▶ Task goal
An exact copy is needed of the lines from the one that contains "森林,树木,草地,天空,云朵,森林插画,自然风景,绿色,生态,插画" through the final line of the data below, with pictures left out.

[Data section Boundary: Start]

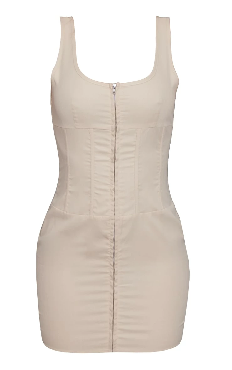 Look effortlessly chic in this stone woven seam detail zip front bodycon dress. Sure to take your weekend style to a whole new level, this zip front dress is perfect for you doll. It is made from a stone woven material with seam detailing and a zip front design. It’s figure-flattering bodycon style will have all eyes on you wherever you go. Simply add heels and statement accessories to complete the look.
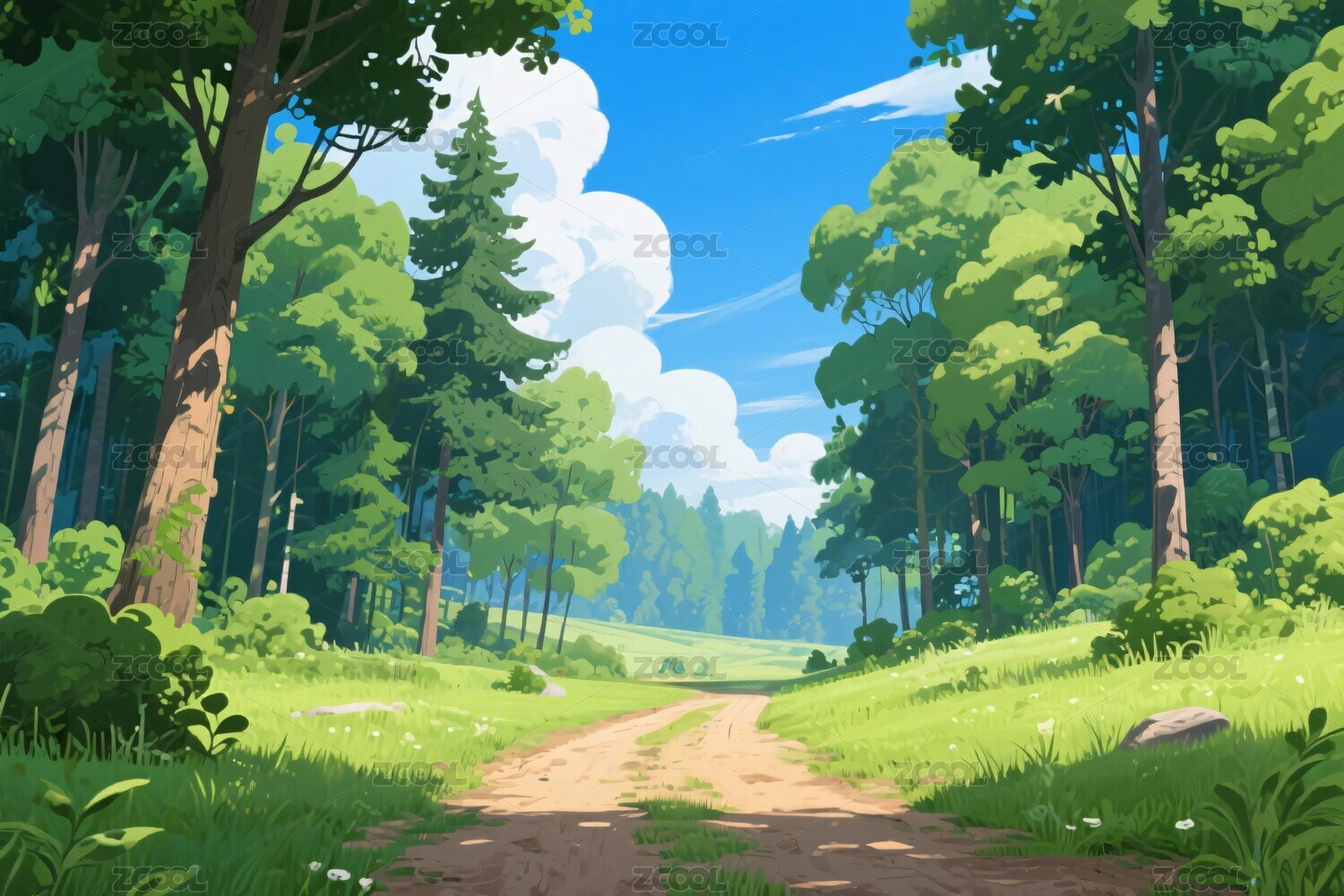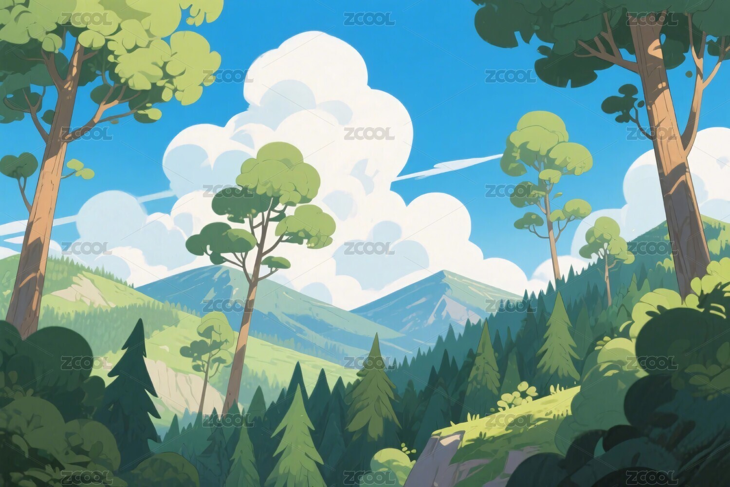 森林,树木,草地,天空,云朵,森林插画,自然风景,绿色,生态,插画
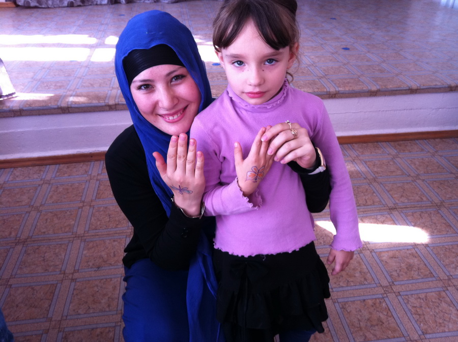 Особую радость у ребят вызвало рисование на руках специальными фломастерами для тела, которое устроили мусульманки.
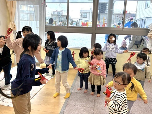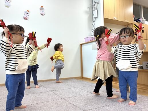 初めて鳴子を手にしたひよこさん達。

[Data section Boundary: End]

▶ Result of this exercise
 森林,树木,草地,天空,云朵,森林插画,自然风景,绿色,生态,插画
 Особую радость у ребят вызвало рисование на руках специальными фломастерами для тела, которое устроили мусульманки.
 初めて鳴子を手にしたひよこさん達。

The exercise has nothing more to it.